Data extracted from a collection
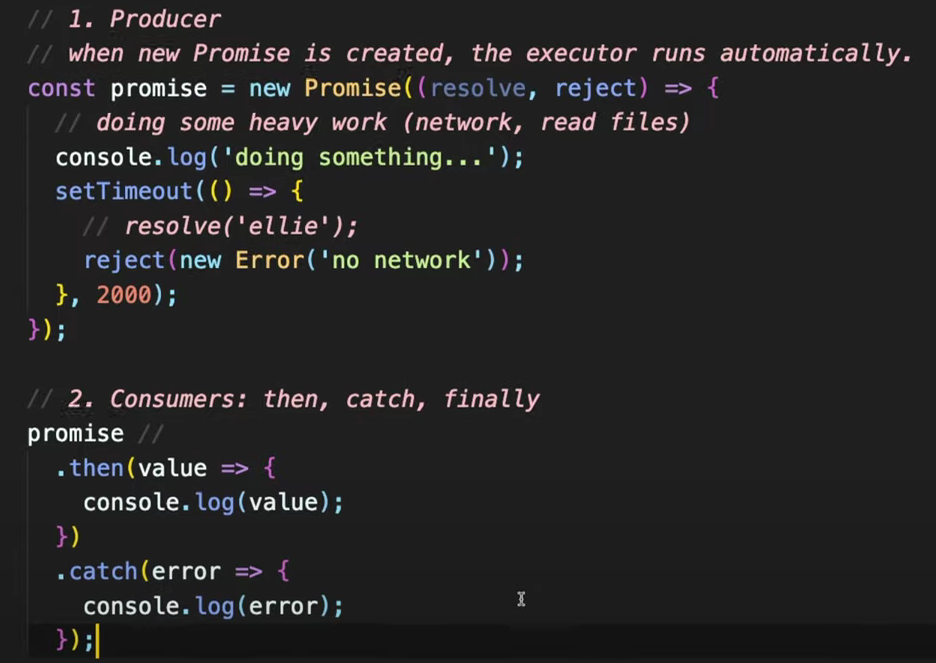 :프로미스가 만들어질때, 자동으로 실행됨.
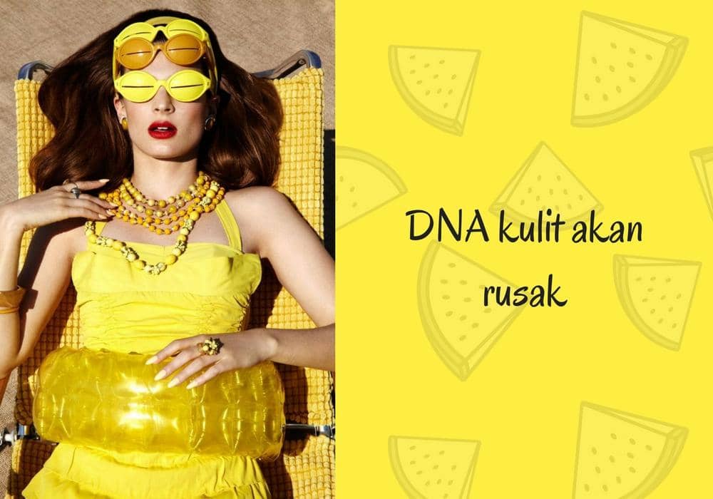Matahari memencarkan sinar UV A dan UV B. Pada saat terpapar, tubuh akan memproduksi melanin yang dapat memberi warna pada kulit untuk melindunginya. Meski terlihat cantik, nyatanya perubahan warna ini menunjukan bahwa kulit sedang terbakar. Maka dari itu penting untuk mengoleskan krim tabir surya untuk menjaga kulit tetap sehat dan terlindungi. Bila kamu nggak menggunakannya, sinar UV B akan menembus hingga lapisan terdalam kulit dan merusak sel kulit didalamnya.
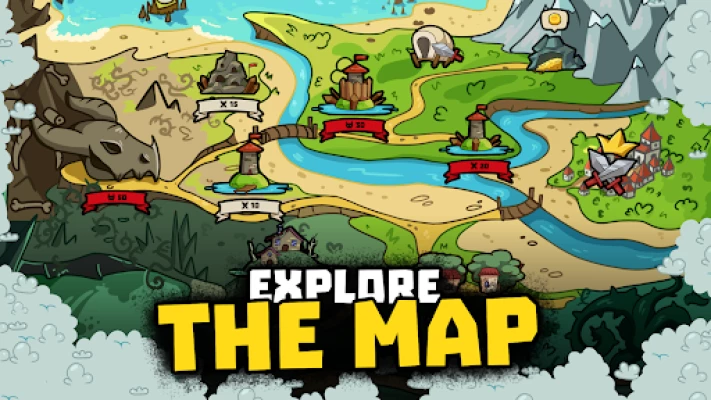 Explore the map to find enemy castles, artifacts, and bosses to defeat. Defeating bosses yield valuable rewards that you can use to improve your castle and increase your power.
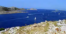From the neighbouring islandы of Pasman and Dugi Otok, the archipelago is separated by straits, and from the island of Murter by the bay of Murtersko more (Murter's sea).
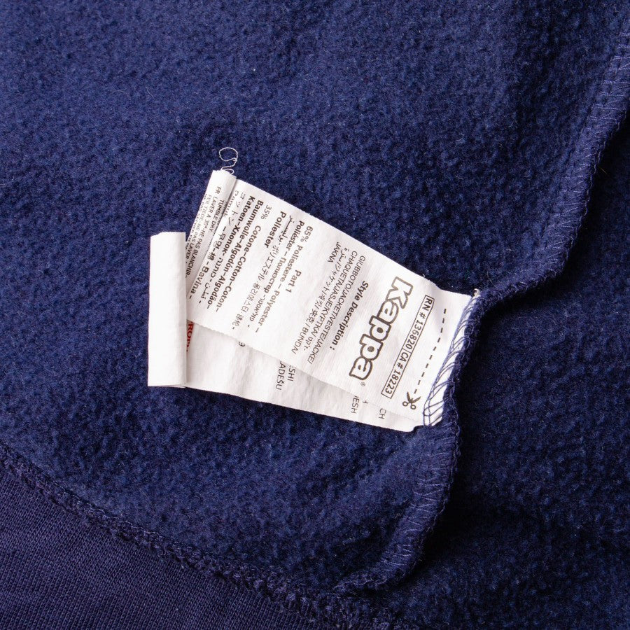 Full zip hooded sweatshirt with adjustable drawstring. Navy blue colour with grey inside of the hood. On the front, the Empoli patch is hot-stamped on the heart side, while the commercial sponsor Computer Gross is on the right. Empoli lettering is printed on the hood. Kappa lettering in embroidery and, on the back, we find other commercial sponsors, including Sammontana.
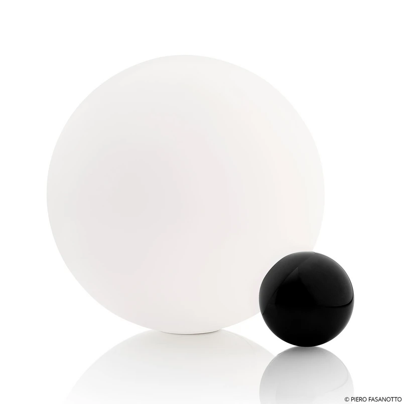 Diese Tischleuchte, deren ästhetisches Design von Michael Anastassiades stammt, der seit mehreren Jahren auch für den italienischen Leuchtenhersteller FLOS dekorative Lichtobjekte kreiert, besticht mit ihrer ungewöhnlichen Gestaltung: Sie besteht aus einer großen Kugel aus geblasenem Opalglas, die von einer kleinen Kugel aus Metall berührt wird. Die in der kleinen Kugel verbaute LED beleuchtet die große Glaskugel indirekt und erzeugt homogenes Licht. Ein Zusatzlichtspender, der durch sein extravagantes Design auch ausgeschaltet sofort in den Blick fällt und beleuchtet für einen tollen Lichteffekt sorgt.
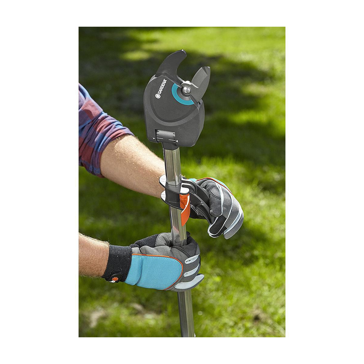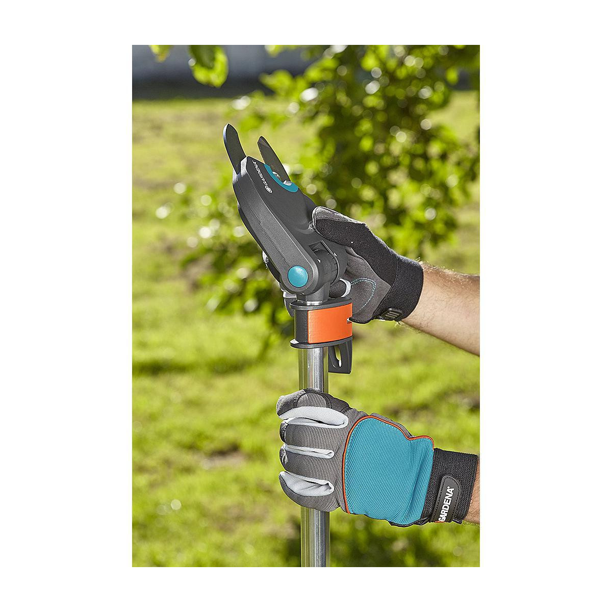 Il Troncarami GARDENA StarCut 160 plus è lo specialista per la manutenzione degli alberi. Con una lunghezza di 160 cm, consente un taglio facile e sicuro dal suolo senza utilizzare la scala. La trasmissione ad ingranaggi 12x permette di tagliare efficacemente rami con diametro fino a 32 mm. Il nuovo gancio regolabile per la rimozione dei rami tagliati garantisce un ulteriore comfort. Ciò consente di rimuovere i rami segati dalle corone di alberi senza alcun problema. Il GARDENA StarCut 160 plus è dotato di un meccanismo di trasmissione a puleggia interna che impedisce il bloccaggio fra i rami durante il taglio. La testa di taglio extra-leggera e sottile consente un taglio comodo e mirato anche vicino al tronco. L'angolo di taglio può essere regolato individualmente dal suolo. Le lame con rivestimento antiaderente e affilatura di precisione riducono la resistenza durante il taglio e garantiscono una facile pulizia. Il manicotto di trascinamento con scorrimento e una maniglia aggiuntiva garantiscono una maneggevolezza piacevole e sicura e permettono di raggiungere una maggiore distanza: ca. 3,5 m inclusa l'altezza dell'utente. Lo StarCut 160 plus GARDENA è 'Made in Germany'. La garanzia di 25 anni garantisce la migliore qualità.
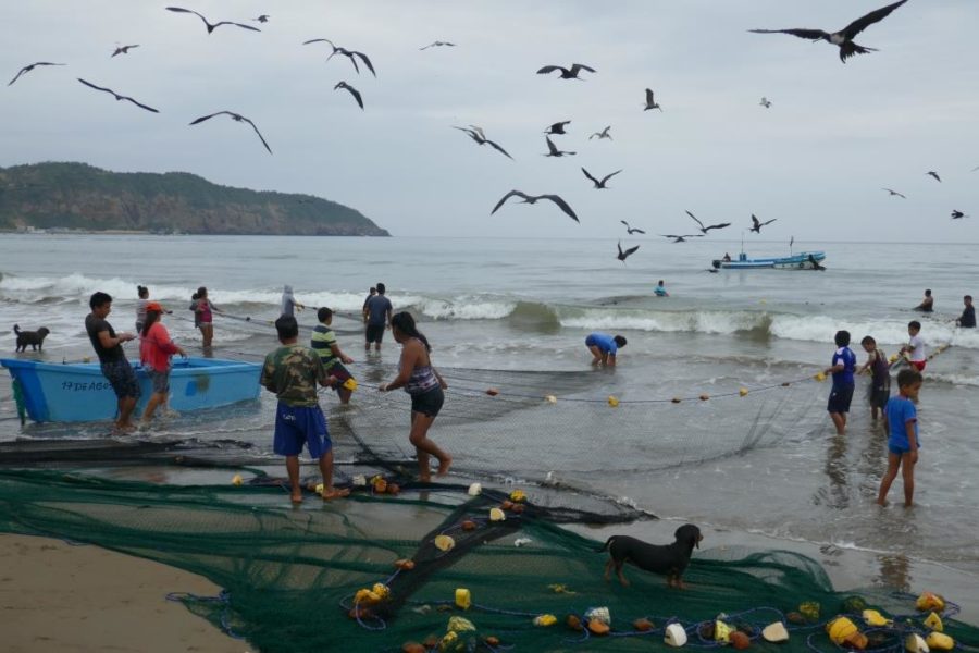 Wir fahren ins Dorf, die Fischer kehren vom nächtlichen Fischfang zurück. Kiste um Kiste werden Fische von Booten in einen Laster verladen. Fregattvögel umkreisen sie in einem Wirbel, schnappen sich im Flug Fische aus dem Fang. Pelikane warten im Wasser auf ihren Anteil. In kleinen Booten und an Ständen werden Fische zum Kauf angeboten. Herrliches Schauspiel.
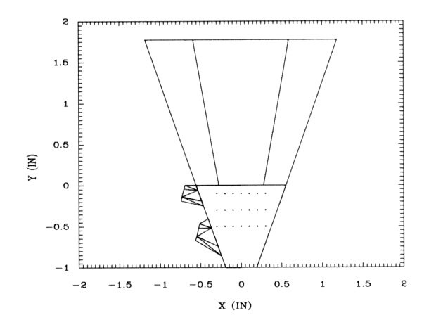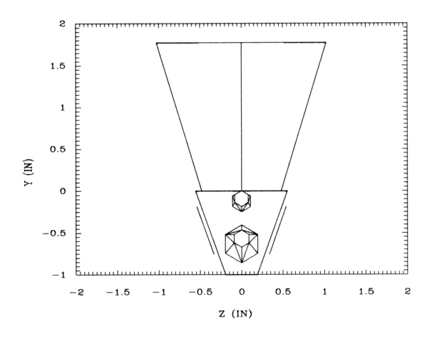 Figure 4.4. Projection of the modelled sensor assembly on the zy plane. The two lines on either side of the assembly show the two tilted magnets.

▶ **Task details**
Could you transcribe all of the data exactly and omit the pictures?

▶ **Task answer**
 :프로미스가 만들어질때, 자동으로 실행됨.
Matahari memencarkan sinar UV A dan UV B. Pada saat terpapar, tubuh akan memproduksi melanin yang dapat memberi warna pada kulit untuk melindunginya. Meski terlihat cantik, nyatanya perubahan warna ini menunjukan bahwa kulit sedang terbakar. Maka dari itu penting untuk mengoleskan krim tabir surya untuk menjaga kulit tetap sehat dan terlindungi. Bila kamu nggak menggunakannya, sinar UV B akan menembus hingga lapisan terdalam kulit dan merusak sel kulit didalamnya.
 Explore the map to find enemy castles, artifacts, and bosses to defeat. Defeating bosses yield valuable rewards that you can use to improve your castle and increase your power.
From the neighbouring islandы of Pasman and Dugi Otok, the archipelago is separated by straits, and from the island of Murter by the bay of Murtersko more (Murter's sea).
 Full zip hooded sweatshirt with adjustable drawstring. Navy blue colour with grey inside of the hood. On the front, the Empoli patch is hot-stamped on the heart side, while the commercial sponsor Computer Gross is on the right. Empoli lettering is printed on the hood. Kappa lettering in embroidery and, on the back, we find other commercial sponsors, including Sammontana.
 Diese Tischleuchte, deren ästhetisches Design von Michael Anastassiades stammt, der seit mehreren Jahren auch für den italienischen Leuchtenhersteller FLOS dekorative Lichtobjekte kreiert, besticht mit ihrer ungewöhnlichen Gestaltung: Sie besteht aus einer großen Kugel aus geblasenem Opalglas, die von einer kleinen Kugel aus Metall berührt wird. Die in der kleinen Kugel verbaute LED beleuchtet die große Glaskugel indirekt und erzeugt homogenes Licht. Ein Zusatzlichtspender, der durch sein extravagantes Design auch ausgeschaltet sofort in den Blick fällt und beleuchtet für einen tollen Lichteffekt sorgt.
 Il Troncarami GARDENA StarCut 160 plus è lo specialista per la manutenzione degli alberi. Con una lunghezza di 160 cm, consente un taglio facile e sicuro dal suolo senza utilizzare la scala. La trasmissione ad ingranaggi 12x permette di tagliare efficacemente rami con diametro fino a 32 mm. Il nuovo gancio regolabile per la rimozione dei rami tagliati garantisce un ulteriore comfort. Ciò consente di rimuovere i rami segati dalle corone di alberi senza alcun problema. Il GARDENA StarCut 160 plus è dotato di un meccanismo di trasmissione a puleggia interna che impedisce il bloccaggio fra i rami durante il taglio. La testa di taglio extra-leggera e sottile consente un taglio comodo e mirato anche vicino al tronco. L'angolo di taglio può essere regolato individualmente dal suolo. Le lame con rivestimento antiaderente e affilatura di precisione riducono la resistenza durante il taglio e garantiscono una facile pulizia. Il manicotto di trascinamento con scorrimento e una maniglia aggiuntiva garantiscono una maneggevolezza piacevole e sicura e permettono di raggiungere una maggiore distanza: ca. 3,5 m inclusa l'altezza dell'utente. Lo StarCut 160 plus GARDENA è 'Made in Germany'. La garanzia di 25 anni garantisce la migliore qualità.
 Wir fahren ins Dorf, die Fischer kehren vom nächtlichen Fischfang zurück. Kiste um Kiste werden Fische von Booten in einen Laster verladen. Fregattvögel umkreisen sie in einem Wirbel, schnappen sich im Flug Fische aus dem Fang. Pelikane warten im Wasser auf ihren Anteil. In kleinen Booten und an Ständen werden Fische zum Kauf angeboten. Herrliches Schauspiel.
 Figure 4.4. Projection of the modelled sensor assembly on the zy plane. The two lines on either side of the assembly show the two tilted magnets.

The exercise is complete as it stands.